> To do
Print exactly the lines below between the line containing "The educational complex" and the line containing "[These photos have", counting both of those lines. Leave pictures out.

> Entries supplied
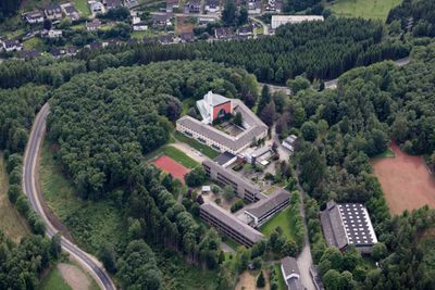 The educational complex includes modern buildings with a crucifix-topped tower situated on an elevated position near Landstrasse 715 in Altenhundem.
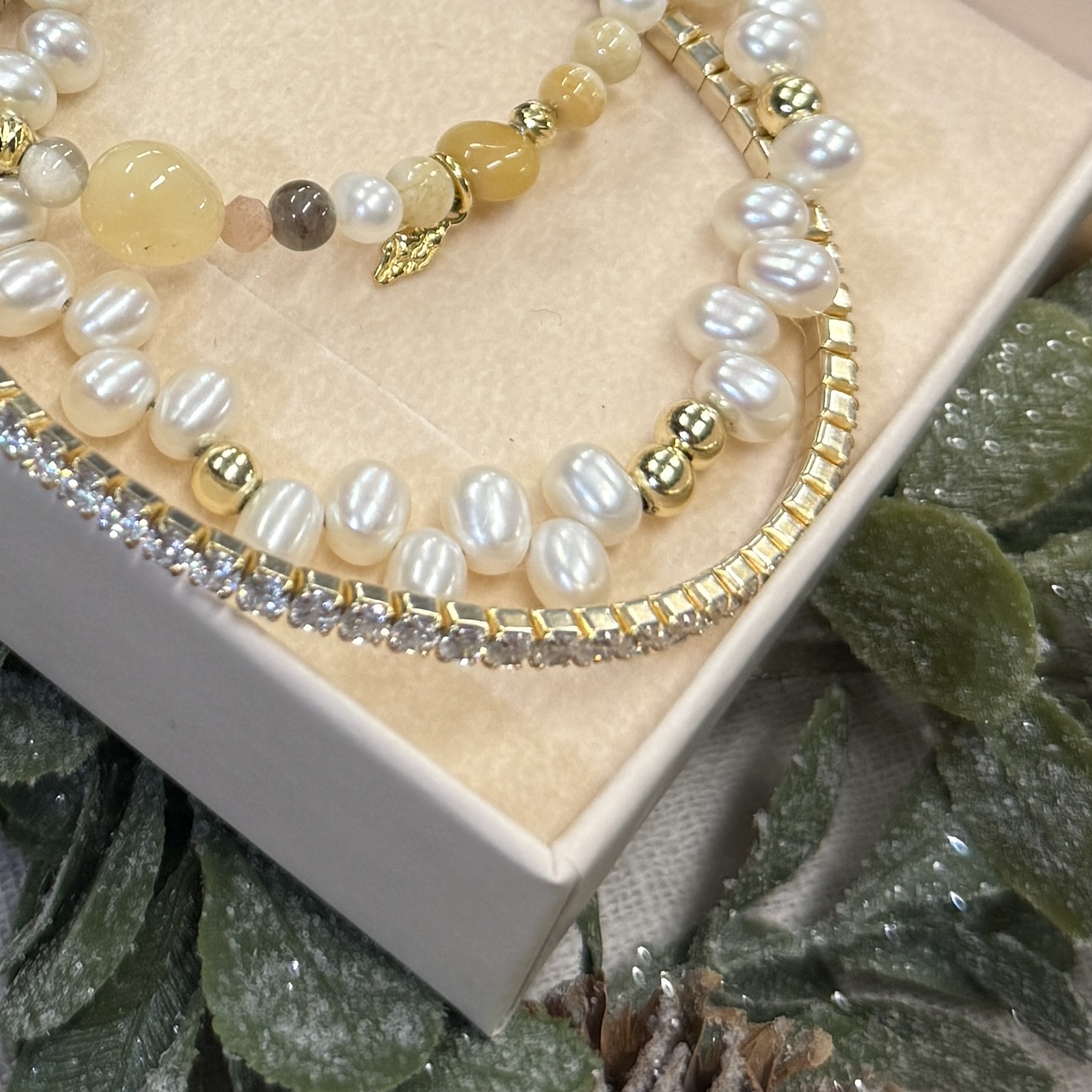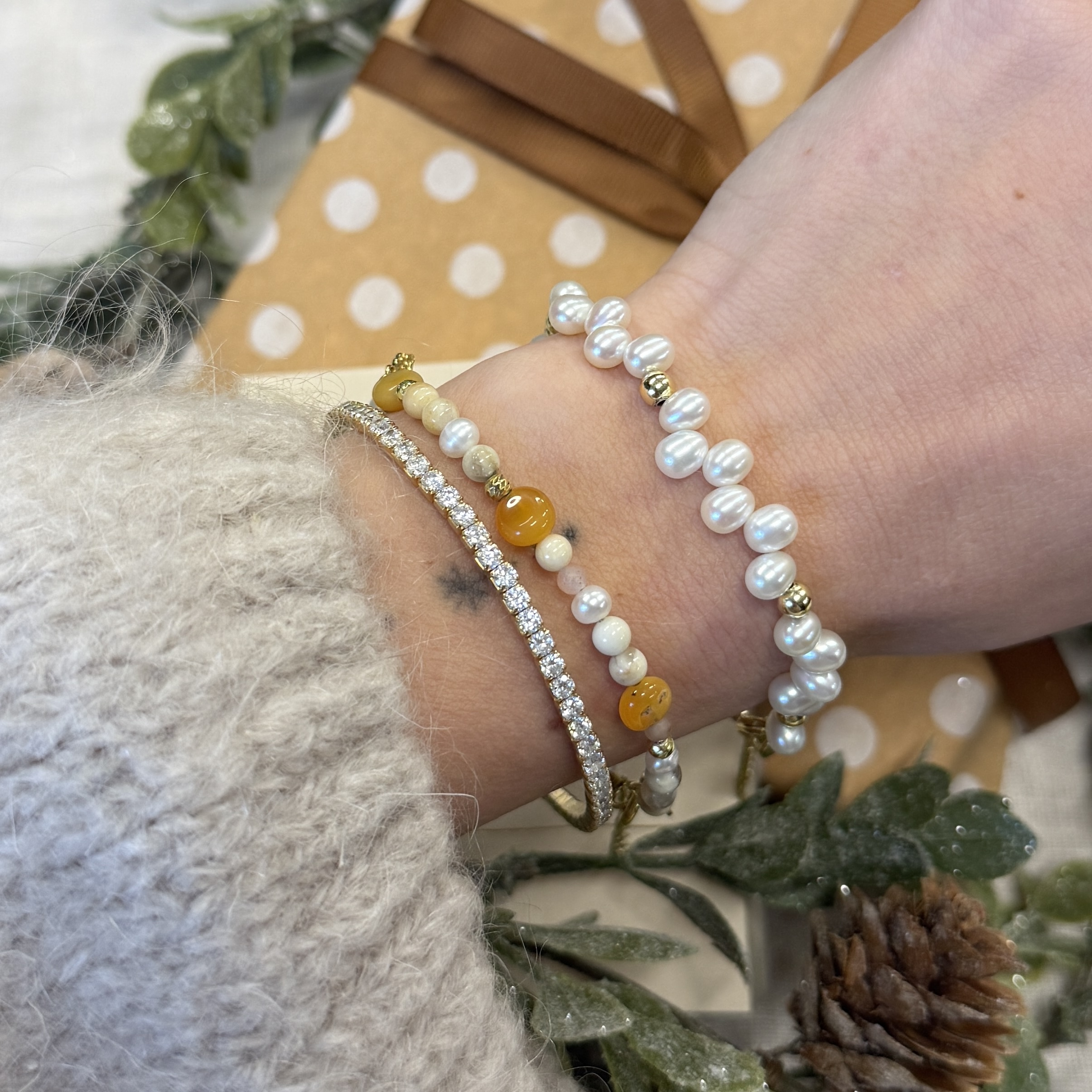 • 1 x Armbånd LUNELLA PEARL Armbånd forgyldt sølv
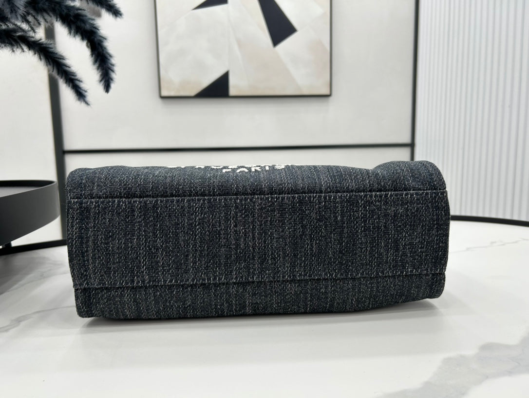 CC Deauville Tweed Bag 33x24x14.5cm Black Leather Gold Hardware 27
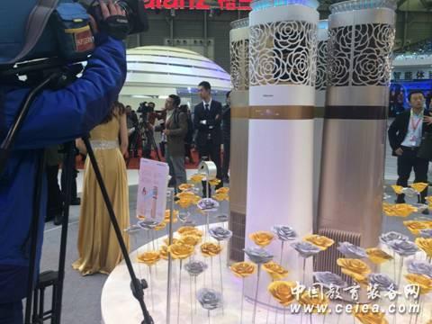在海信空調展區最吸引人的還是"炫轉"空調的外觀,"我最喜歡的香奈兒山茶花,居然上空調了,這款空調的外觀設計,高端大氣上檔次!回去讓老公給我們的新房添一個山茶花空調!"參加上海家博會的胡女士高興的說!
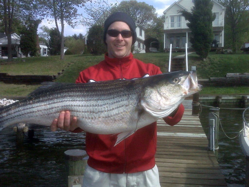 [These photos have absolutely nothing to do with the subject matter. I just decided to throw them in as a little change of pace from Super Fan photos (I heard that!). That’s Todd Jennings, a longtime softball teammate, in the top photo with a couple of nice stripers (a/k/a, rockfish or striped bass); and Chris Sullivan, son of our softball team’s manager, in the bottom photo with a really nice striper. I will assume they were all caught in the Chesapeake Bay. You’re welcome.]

---

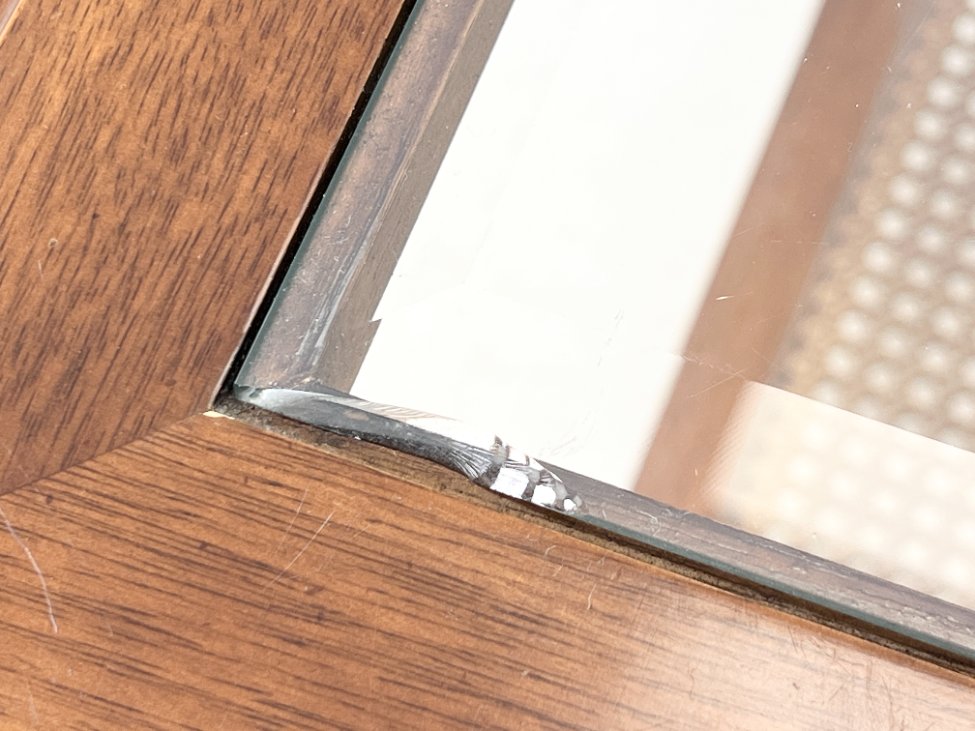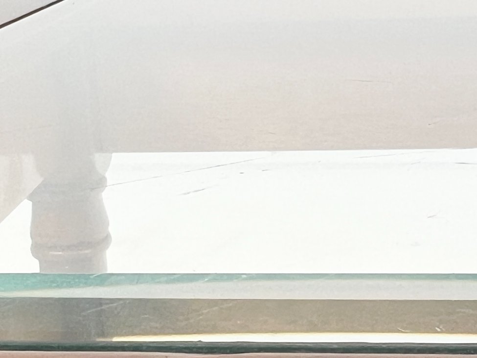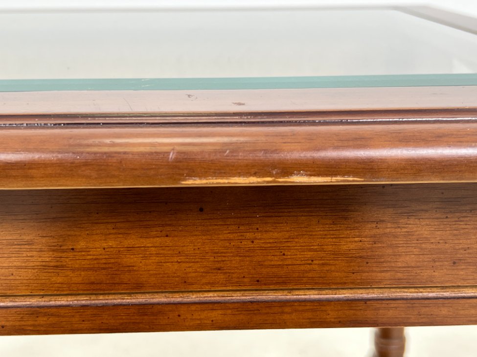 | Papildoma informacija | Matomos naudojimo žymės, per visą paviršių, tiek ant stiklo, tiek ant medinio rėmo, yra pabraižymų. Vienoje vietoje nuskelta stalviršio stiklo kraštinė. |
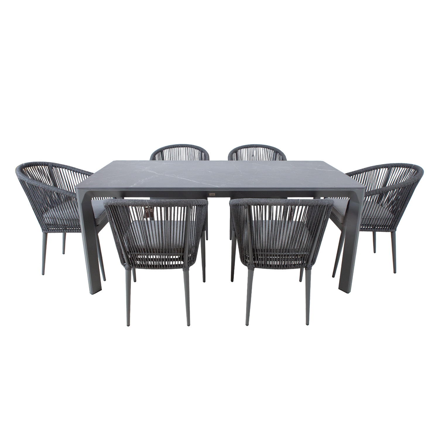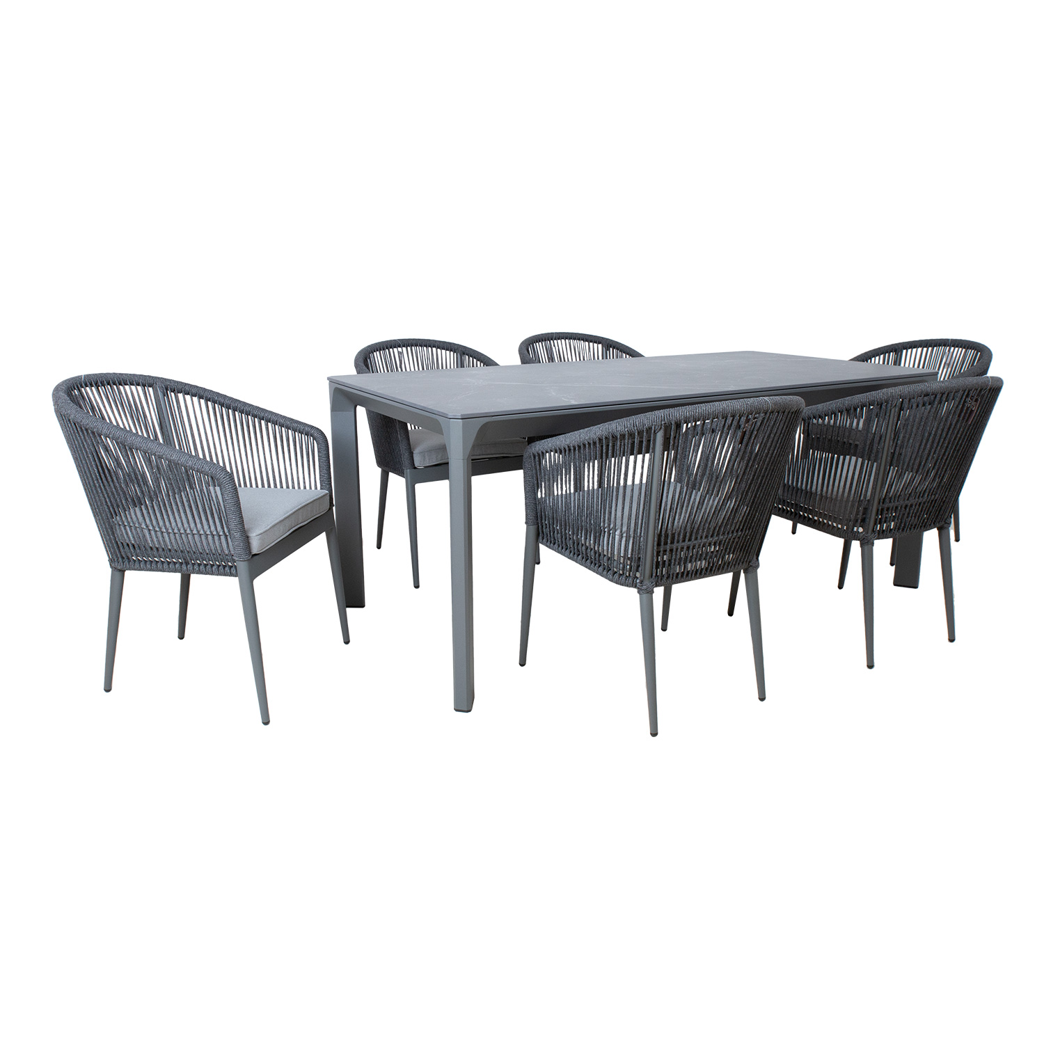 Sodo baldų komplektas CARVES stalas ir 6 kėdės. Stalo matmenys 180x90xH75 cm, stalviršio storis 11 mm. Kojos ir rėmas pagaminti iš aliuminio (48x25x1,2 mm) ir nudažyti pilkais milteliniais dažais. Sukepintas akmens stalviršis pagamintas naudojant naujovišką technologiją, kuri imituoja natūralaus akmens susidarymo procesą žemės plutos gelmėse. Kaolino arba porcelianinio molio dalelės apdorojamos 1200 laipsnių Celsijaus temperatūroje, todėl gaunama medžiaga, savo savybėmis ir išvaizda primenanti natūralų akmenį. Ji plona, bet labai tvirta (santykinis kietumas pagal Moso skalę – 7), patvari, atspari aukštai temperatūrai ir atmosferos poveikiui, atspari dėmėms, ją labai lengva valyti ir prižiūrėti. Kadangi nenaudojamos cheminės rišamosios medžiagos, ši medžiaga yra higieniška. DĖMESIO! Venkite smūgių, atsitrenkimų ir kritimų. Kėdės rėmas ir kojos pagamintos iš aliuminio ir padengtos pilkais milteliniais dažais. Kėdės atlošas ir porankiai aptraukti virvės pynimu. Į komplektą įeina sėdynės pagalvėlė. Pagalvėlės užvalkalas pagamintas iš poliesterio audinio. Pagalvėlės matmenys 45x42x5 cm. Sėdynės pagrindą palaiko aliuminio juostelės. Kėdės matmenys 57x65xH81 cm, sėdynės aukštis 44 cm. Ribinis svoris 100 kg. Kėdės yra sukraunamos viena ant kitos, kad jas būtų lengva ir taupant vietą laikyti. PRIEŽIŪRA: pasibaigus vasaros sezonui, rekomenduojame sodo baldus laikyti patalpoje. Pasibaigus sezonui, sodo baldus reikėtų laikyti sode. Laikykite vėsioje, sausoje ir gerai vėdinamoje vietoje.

> Problem solution
 The educational complex includes modern buildings with a crucifix-topped tower situated on an elevated position near Landstrasse 715 in Altenhundem.
 • 1 x Armbånd LUNELLA PEARL Armbånd forgyldt sølv
 CC Deauville Tweed Bag 33x24x14.5cm Black Leather Gold Hardware 27
在海信空調展區最吸引人的還是"炫轉"空調的外觀,"我最喜歡的香奈兒山茶花,居然上空調了,這款空調的外觀設計,高端大氣上檔次!回去讓老公給我們的新房添一個山茶花空調!"參加上海家博會的胡女士高興的說!
 [These photos have absolutely nothing to do with the subject matter. I just decided to throw them in as a little change of pace from Super Fan photos (I heard that!). That’s Todd Jennings, a longtime softball teammate, in the top photo with a couple of nice stripers (a/k/a, rockfish or striped bass); and Chris Sullivan, son of our softball team’s manager, in the bottom photo with a really nice striper. I will assume they were all caught in the Chesapeake Bay. You’re welcome.]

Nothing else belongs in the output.